Es en el bautismo donde la trasmisión de la fe se realiza en primer lugar. Con este acto, el hombre se incorpora formalmente a la Iglesia y recibe también una doctrina que profesar y una forma concreta para vivir. El bautismo no es un acto de incorporación personal aislada, sino que el individuo se hace uno en los otros, en la comunidad, porque Cristo vino para todos y el bautismo confirma ese sentido comunitario. San Pablo lo señala cuando habla de este sacramento, transmisor de la fe en Cristo, en plural: “Por el bautismo fuimos sepultados junto con Cristo para compartir su muerte y, así como Cristo fue resucitado de entre los muertos, por gloria del Padre también nosotros hemos de caminar en una vida nueva.” (Rom, 6,4).

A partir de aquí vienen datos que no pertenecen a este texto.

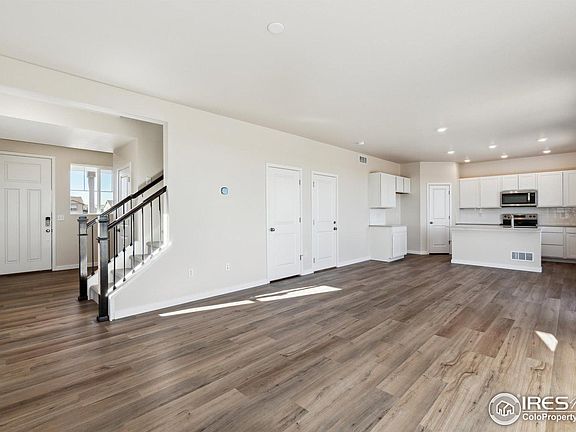 Complete now! The Fraser at The Overlook at Johnstown Farms features a versatile two-story layout with an abundance of flexible living and entertaining spaces. As you enter the foyer from the ample front porch, you will be impressed by a wide-open great room and a well-appointed kitchen - boasting a charming dining area with direct yard access, a generous island, and a corner walk-in pantry. Upstairs, you will find two gracious secondary bedrooms, a full hall bath, an expansive loft and a convenient laundry room. The lavish primary suite showcases a sizable walk-in closet and a private bath with dual vanities and a walk-in shower. Front yard landscaping is included. Nestled in Northern Colorado, The Overlook at Johnstown Farms is located in quaint Johnstown and offers residents ample open space and small-town charm. The neighboring communities of Loveland, Berthoud, Windsor, and Fort Collins are nearby with easy access to I-25 and the Denver metro area. Enjoy the convenience of living within walking distance of the YMCA, library, and an abundance of community parks, local restaurants and shops. Residents can also take advantage of nearby community events and attractions. Prices and incentives are contingent upon buyer closing a loan with builders affiliated lender and are subject to change at any time. Contact builder for specific details.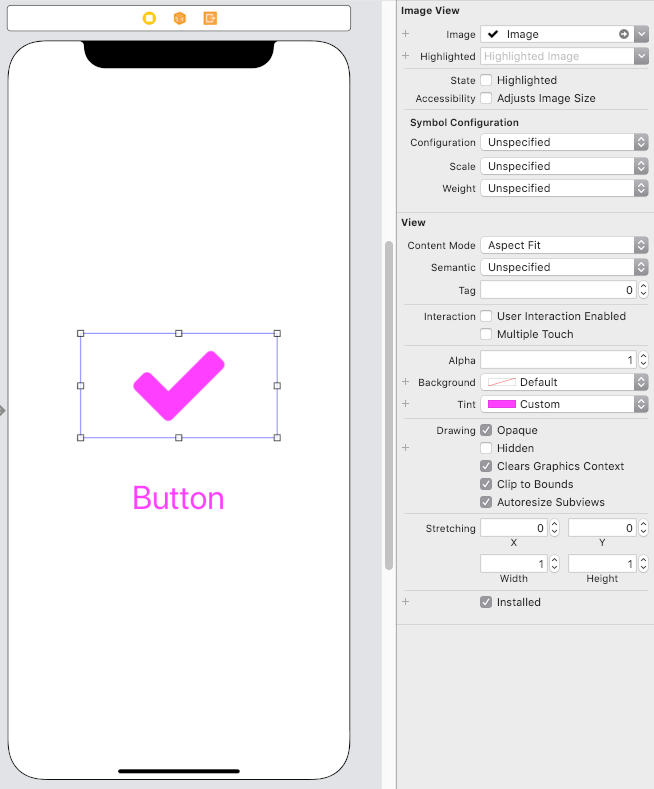 我使用Interface创建了一个简单的视图控制器,它包含一个UIImageView和UIButton。在这两种情况下,我都把tintColor设为洋芋。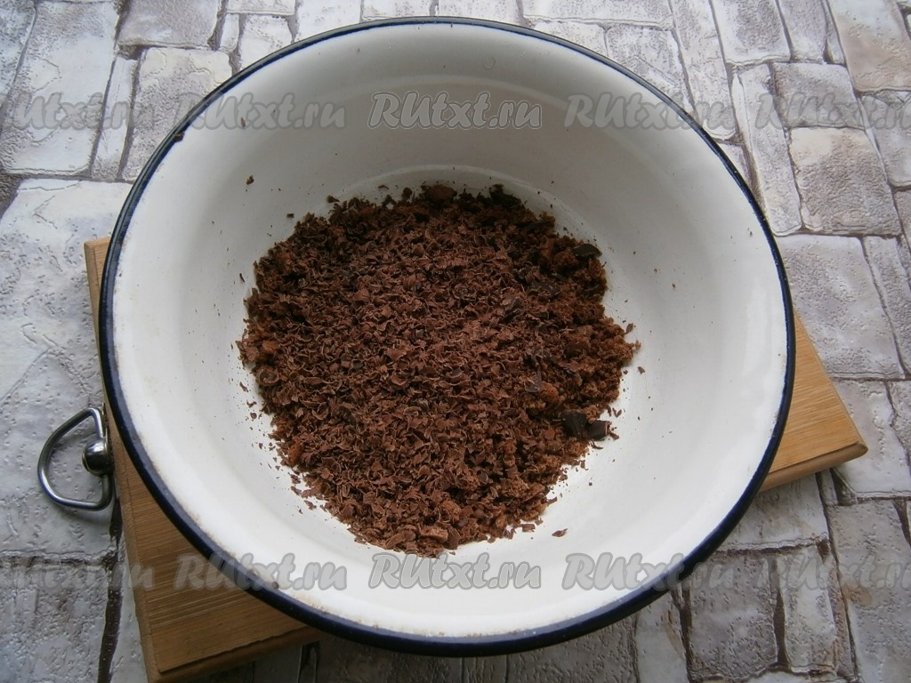 Обрезанные края коржей измельчить в чаше блендера до крошки (не слишком мелкой). К крошке добавить натертый на крупной терке черный шоколад, перемешать.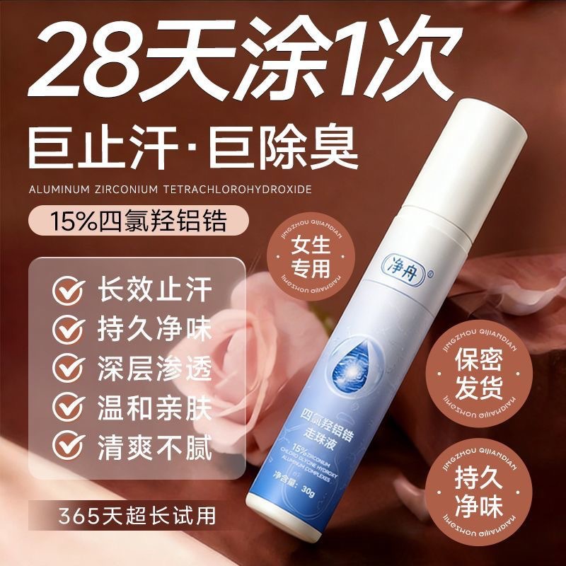 净舟15%四氯羟铝锆止汗露30ml腋下除臭去异味走珠液滚珠正品男女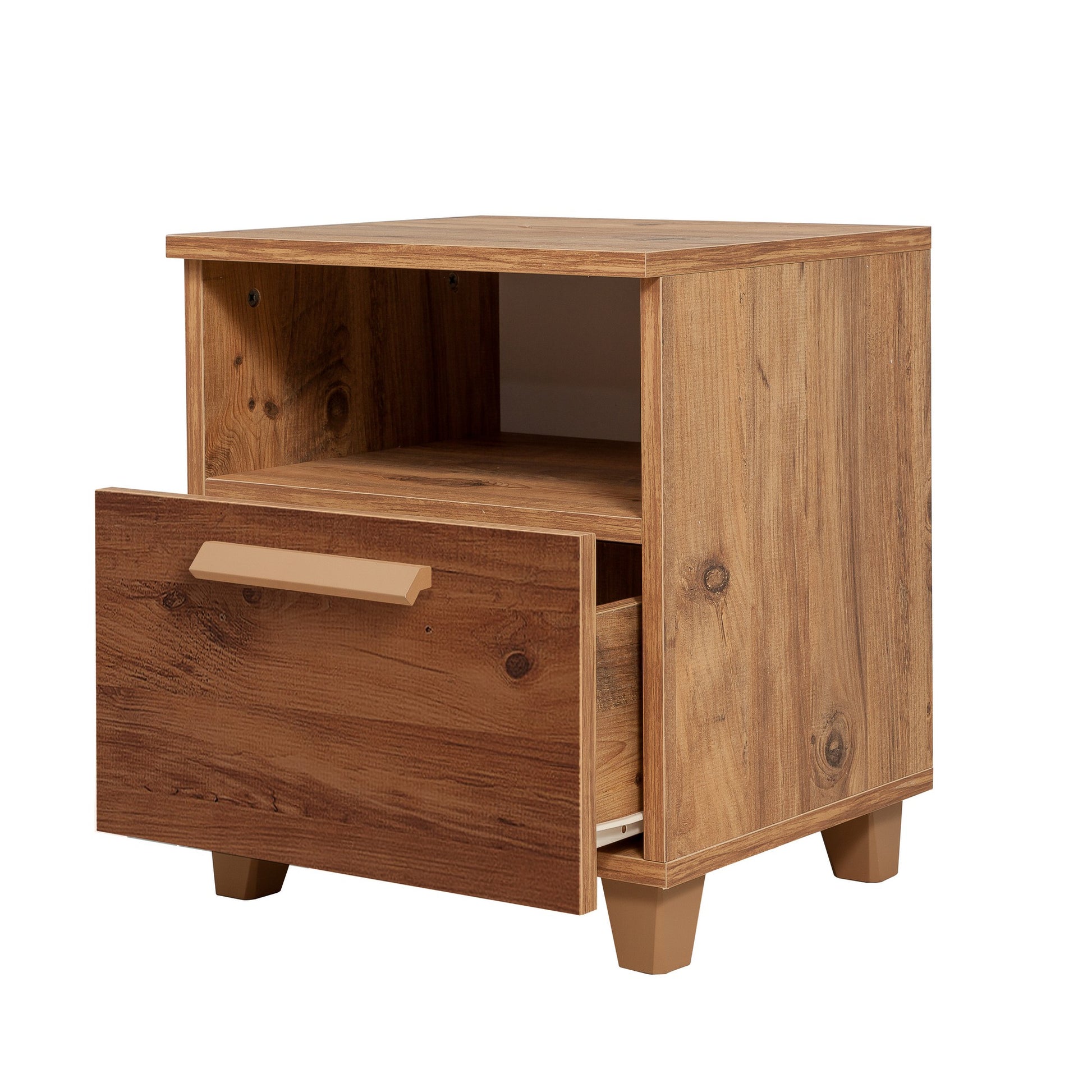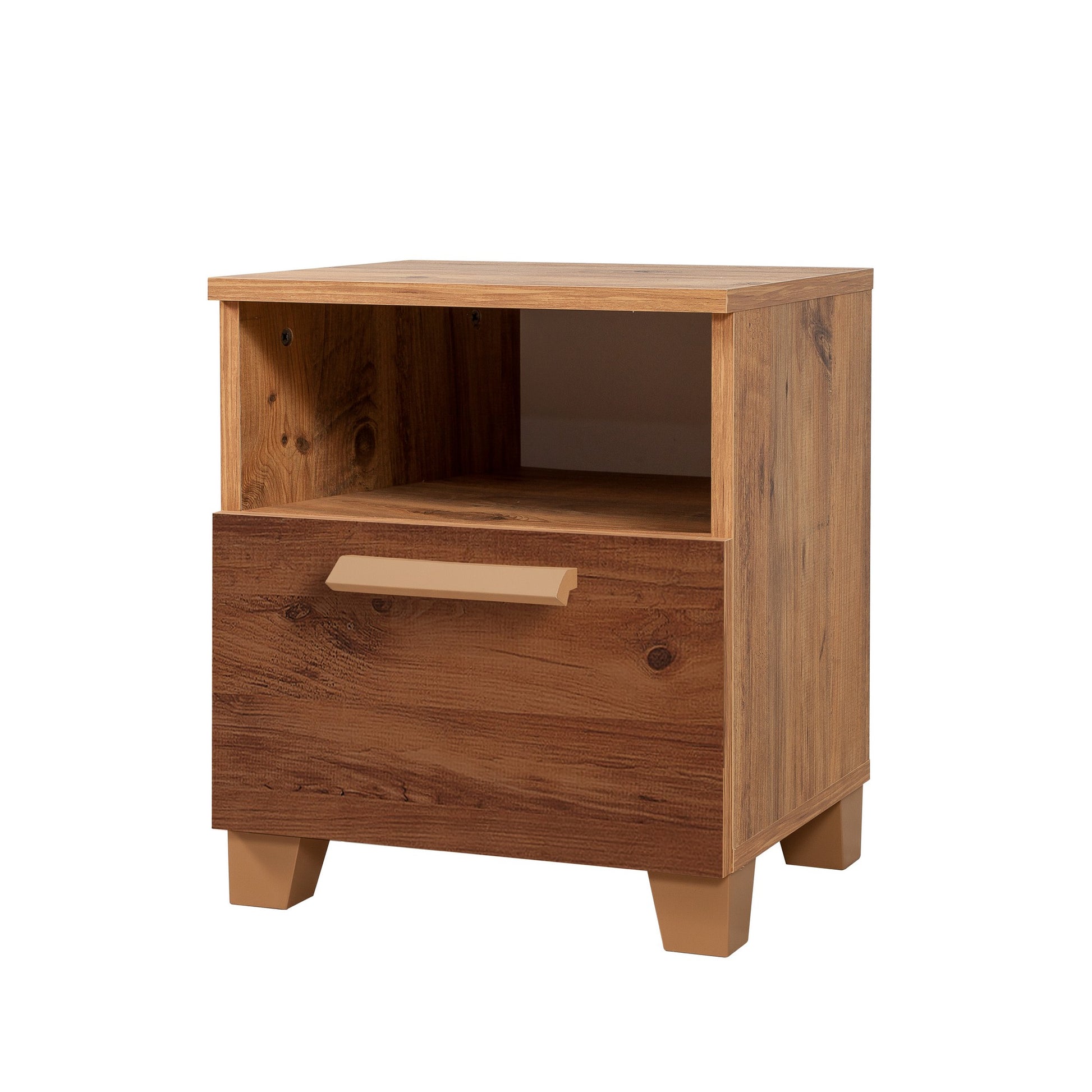 Com um design moderno e inovador, a nossa mesa de cabeceira é o complemento perfeito para qualquer quarto. As suas linhas elegantes e simples conferem um toque de sofisticação, enquanto a cor pinho atlântico confere calor e elegância ao seu espaço.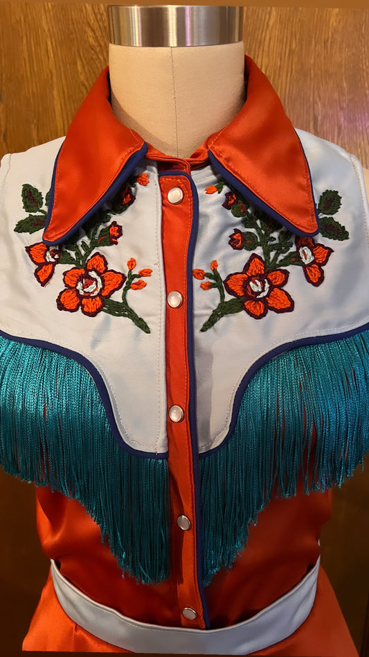 Lurex Pearl Snap Shirt With Floral Embroidery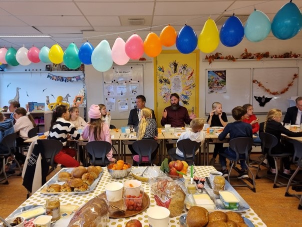 Onze groep 7 at dinsdagochtend 8 oktober hun eerste broodje van de dag samen met de burgemeester en een aantal wethouders.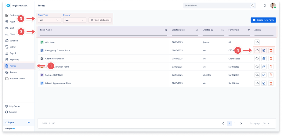 Use the icons in the Action column to edit, download, or delete a form.
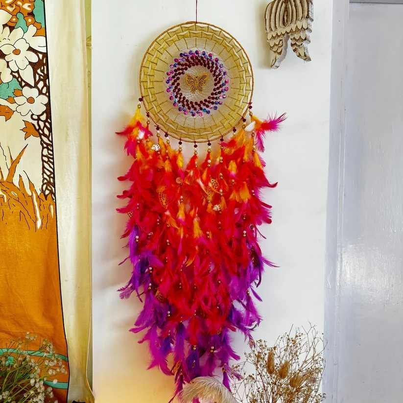 ✔ Materials – Golden ring, cobweb work, feathers, metal charms, capiz shells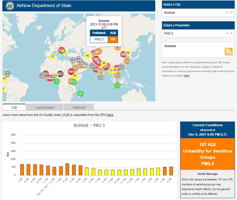 Посольство США в Кыргызстане также установило датчик. Информация обновляется каждый час. Индекс качества воздуха в районе дипломатической миссии — 107 (AQI).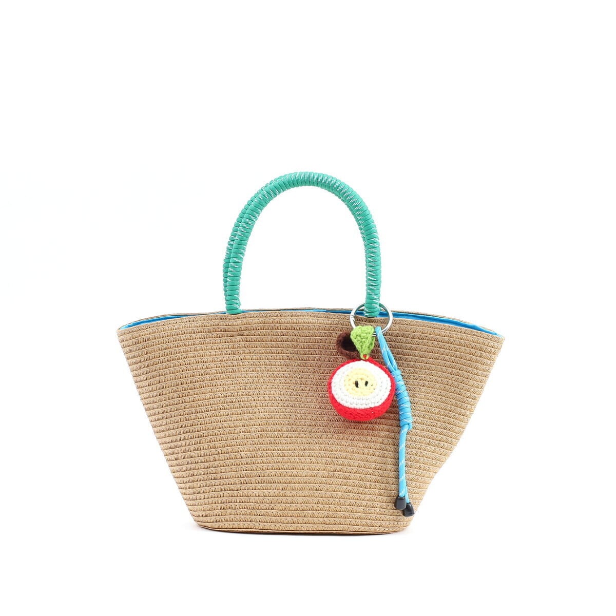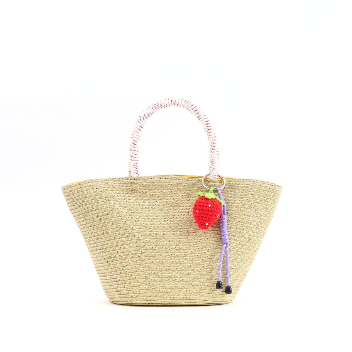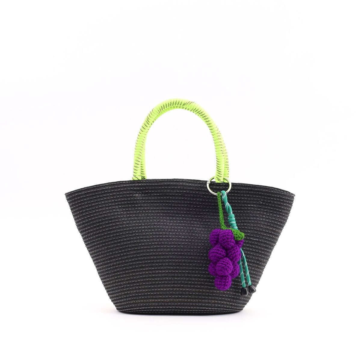 ブラック(ぶどうチャーム付き)、ナチュラル(いちごチャーム付き)、キャメル(リンゴチャーム付き)、グレー(みかんチャーム付き)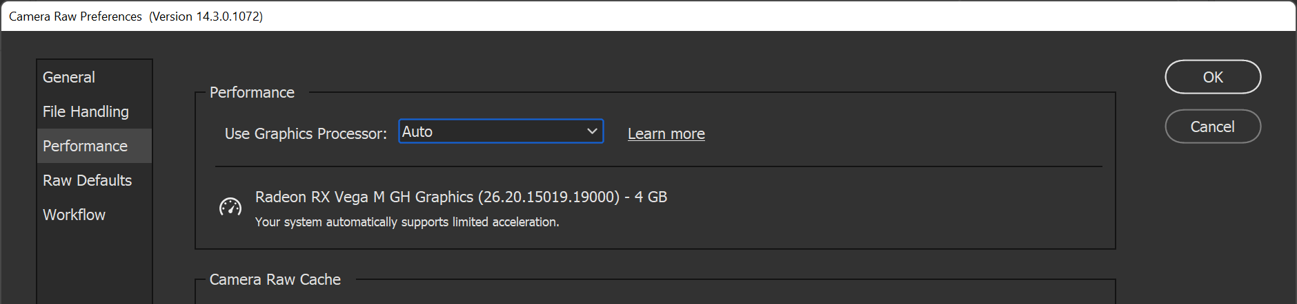 - 選取「Camera Raw > 偏好設定 > 效能」。

Asimismo, enfatiza el Papa Francisco, que la fe alcanza su máxima expresión en el sacramento de la Eucaristía, auténtico alimento de fe que permite un encuentro presente con Cristo vivo. En la Eucaristía, la fe nos permite ver una fusión de horizontes históricos de realidades: el ayer en la muerte y resurrección de Cristo, y el hoy en la transformación del pan y el vino en el cuerpo y en la sangre vivos de Cristo Jesús. Mediante la fe creemos que Dios se hace presente en la Eucaristía, la cual se vive y se comparte en comunidad como la tradición o transmisión, más hermosa que Jesús mismo nos dejó. Por eso la Eucaristía es un acto de fe que debe ser vivido y transmitido, porque es auténtico alimento de vida. Así lo afirma San Pablo cuando habla a la comunidad que “Yo recibí esta tradición del Señor, que a su vez les he transmitido, que el señor Jesús, la noche en que fue entregado, tomó el pan y después de dar gracias lo partió diciendo: ‘Esto es mi cuerpo que es entregado por ustedes; hagan esto en memoria mía.’ De la misma manera, tomando la copa después de haber cenado, dijo: ‘Esta es la Nueva Alianza en mi sangre. Siempre que beban de ella háganlo en memoria mía.’ Así pues, cada vez que comen de este pan y beben de la copa, están proclamando la muerte del Señor hasta que venga.” (1Cor, 11, 23-25).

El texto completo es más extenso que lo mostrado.